The IRS - in a Powerpoint for Vista volunteers (good people, but not authoritative) suggests that the excess carried over should reduce the annual HSA contribution limit in the following year. But there is no documentation in the 8889 instructions for doing this.
Instead, in the Instructions for form 8889 (page 6), the IRS say, "The excess contributions you can deduct in the current year is the lesser of the following two amounts. • Your maximum HSA contribution limit for the year minus any amounts contributed to your HSA for the year." That is in 2022, you use your normal HSA contribution limit, subtract what you have otherwise contributed in the current year, and if there is anything left, you can "use up" that much excess.
That's the calculation the form actually does, but as you point out, the form doesn't make sense when you do that either. TurboTax has to plug in the amount of the carryover to be used before the form knows how big it can be.

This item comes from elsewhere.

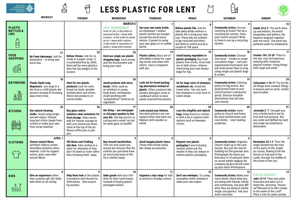 Giving up plastic for Lent Here’s a calendar from the Green Anglicans organization with an environmental twist: instead of giving up chocolate, how about giving up something to help the earth? Plastic-Calendar (click for a printable copy) Share this:TweetLike Loading... Related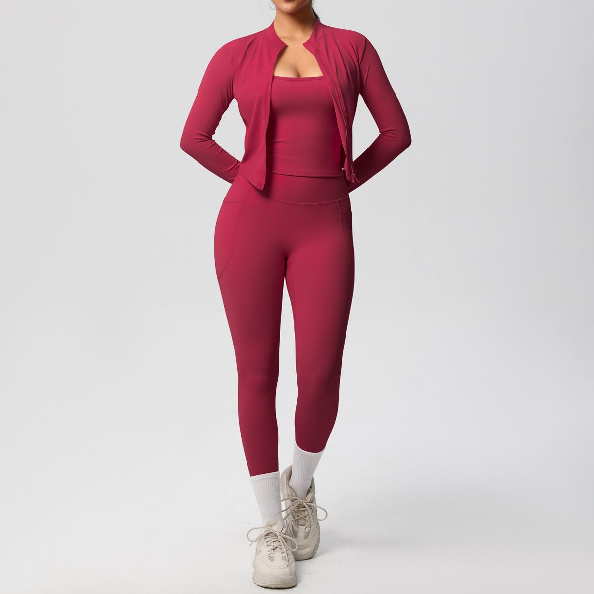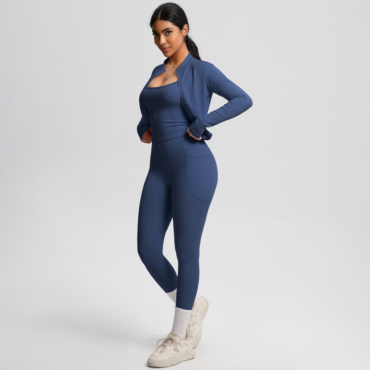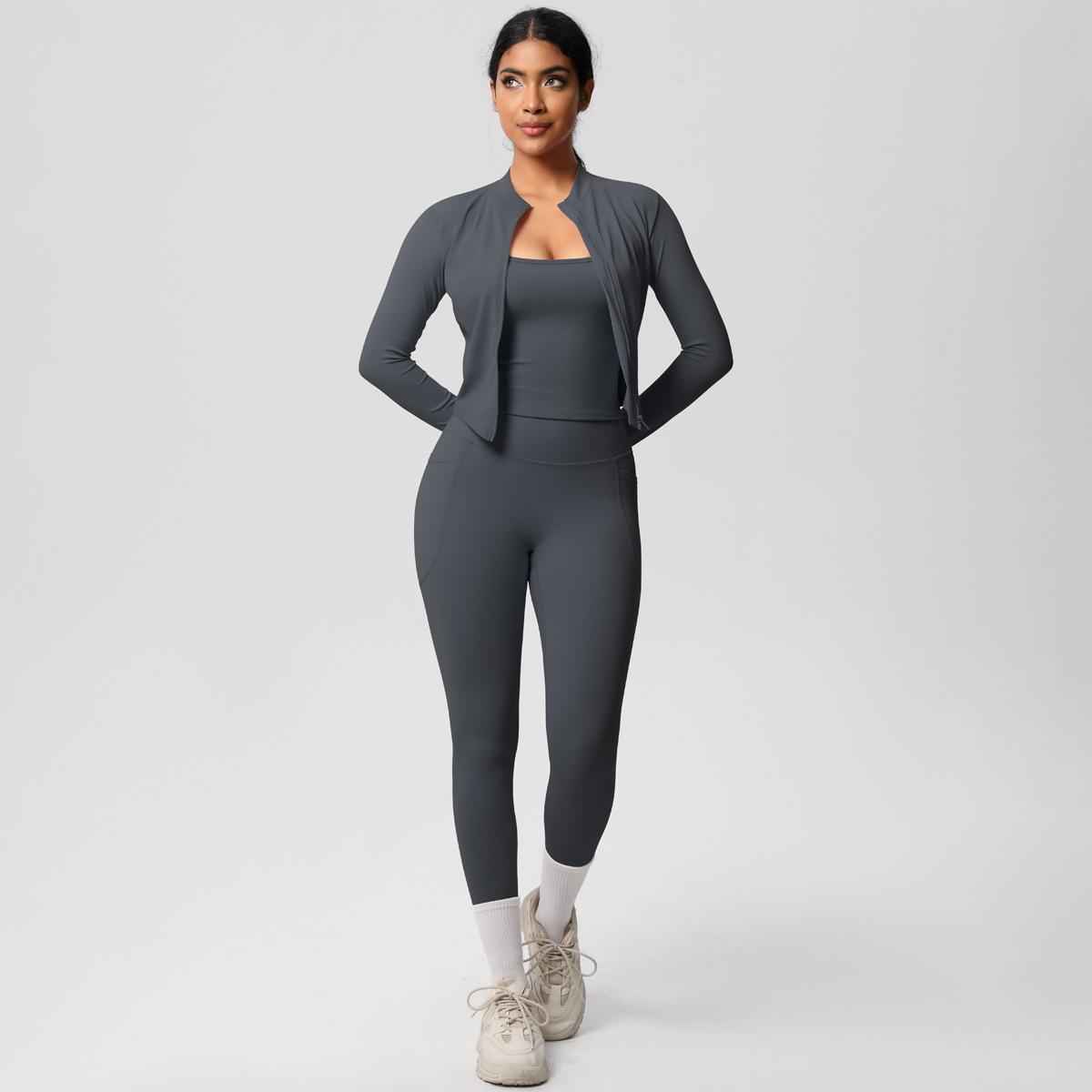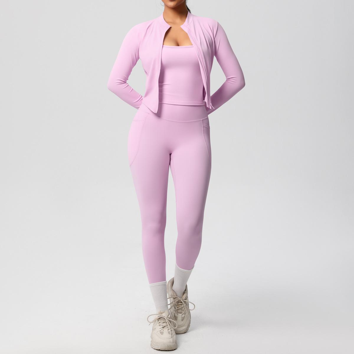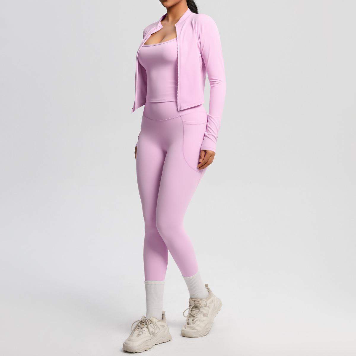 Traje de Yoga Ajustado Casual para Exterior Europeo y Americano con Bolsillo Secado Rápido Cintura Alta Adelgazante Fitness Sensación Nube Set Deportivo de Tres Piezas

Well, no matter, just take my word for it that there is no good way on the 8889 to do this, so the designers of TurboTax just chose one, with the result that the form's arithmetic seems odd. So don't let that mysterious calculation bother you. You could use up only $100 in the 2021 carryover in 2022, and so the form made it work.
In the past line 2 has been blank, not zero, but it confusing either way. But thanks for pointing this out.
So, two things: yes, the IRS will know where the 5329 numbers are coming from (if they think about it), and no, this odd looking 8889 will not hold up your filing.
I have seen many returns in the last 7 years in which line 2 was blank or 0 because of excess carryover being used up, and have never had complaints about being unable to file.
So please continue with your filing.